Sur le plan humain quelle belle aventure entre amis! Entre la préparation, la planification, les entraînements, l'élaboration de la stratégie de course et les moments vécus ensemble durant le week-end, nous allons garder longtemps des souvenirs de cet UT4M! Un immense merci à mes trois compagnons pour ces belles émotions. Les courses en solo c'est chouette, les courses en équipe c'est encore une autre affaire! Vivement la prochaine...

Il ne faut surtout pas oublier l'énorme travail de fond qui a été mené pour l'organisation de cette épreuve. Monter une course de cette ampleur en si peu de temps et avec une telle précision, je ne peux que tirer mon chapeau et m'incliner très bas. Merci à tous les acteurs qui nous ont offert cette aventure exceptionnelle!

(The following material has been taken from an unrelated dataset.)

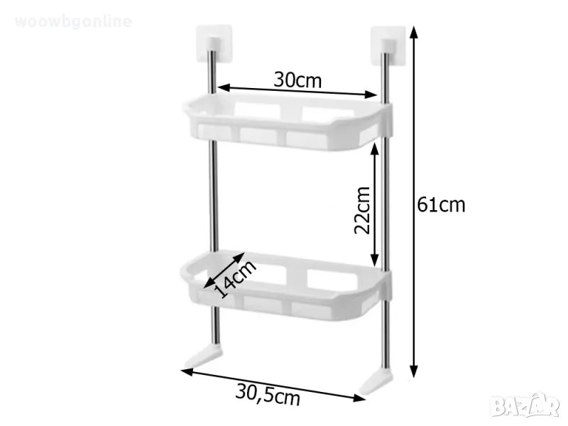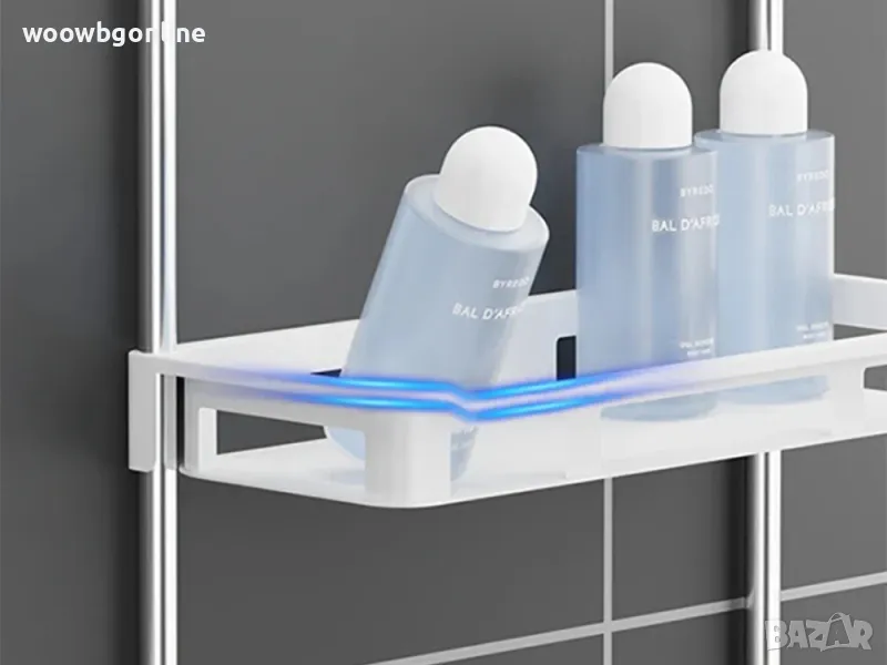 Функционалният му дизайн го прави идеален за съхранение на козметика, аксесоари за баня и кърпи. Благодарение на здравата си конструкция, рафтът осигурява стабилност и дълготрайна употреба.

Enfin, c'est l'heure du bilan personnel. Malgré la joie de cet excellent résultat et de ma belle remontée au classement quelques points d'ombre subsistes: mon manque de lucidité quant à l'hydratation et ma stratégie de course suicidaire. Pourtant les chiffres semblent montrer le contraire, après avoir reporté les temps intermédiaires dans un tableur je m'aperçois que je ne suis pas le seul à être parti très vite: j'ai le 3ème temps sur la portion Vif - Laffrey, le second sur Laffrey - La Morte, le meilleur sur La Morte - Les Chalets et le second dans la descente sur Rioupéroux. Au final je signe le second meilleur relais du Taillefer. En résumé tout le monde cours vite jusqu'à La Morte puis c'est l’hécatombe dans le Pas de la Vache, j'ai beau exploser, je suis tout de même celui qui limite le plus les dégâts... Je suis curieux de voir ce que cela aurait pu donner avec un départ plus tempéré et un peu plus de liquide avalé... Quoi qu'il en soit cela reste une superbe performance dont je suis pleinement satisfait!

Durant ces 6h25 d'effort j'ai eu le temps de me rendre compte de ce que représentait un 160Km: des litres de sueur, un effort incroyable, aucun droit à l'erreur et un mental à toutes épreuves, bref cela m'a bien refroidi et pourtant je sens encore grandir l'envie de me frotter à un défi de cette ampleur... Je serais certainement fixé sur ce point dans deux mois après mon dernier gros objectif de l'année: l'Endurance Trail et ses 106Km. Après une saison déjà bien chargée la tâche me paraît énorme, je pense aborder cette course dans une optique de plaisir plus que de performance, en essayant d’engranger un maximum d'expérience en attendant la saison prochaine. Mais en attendant priorité à l'entrainement et aux courses du club.

Prochain rendez-vous aux 10Km de Balan!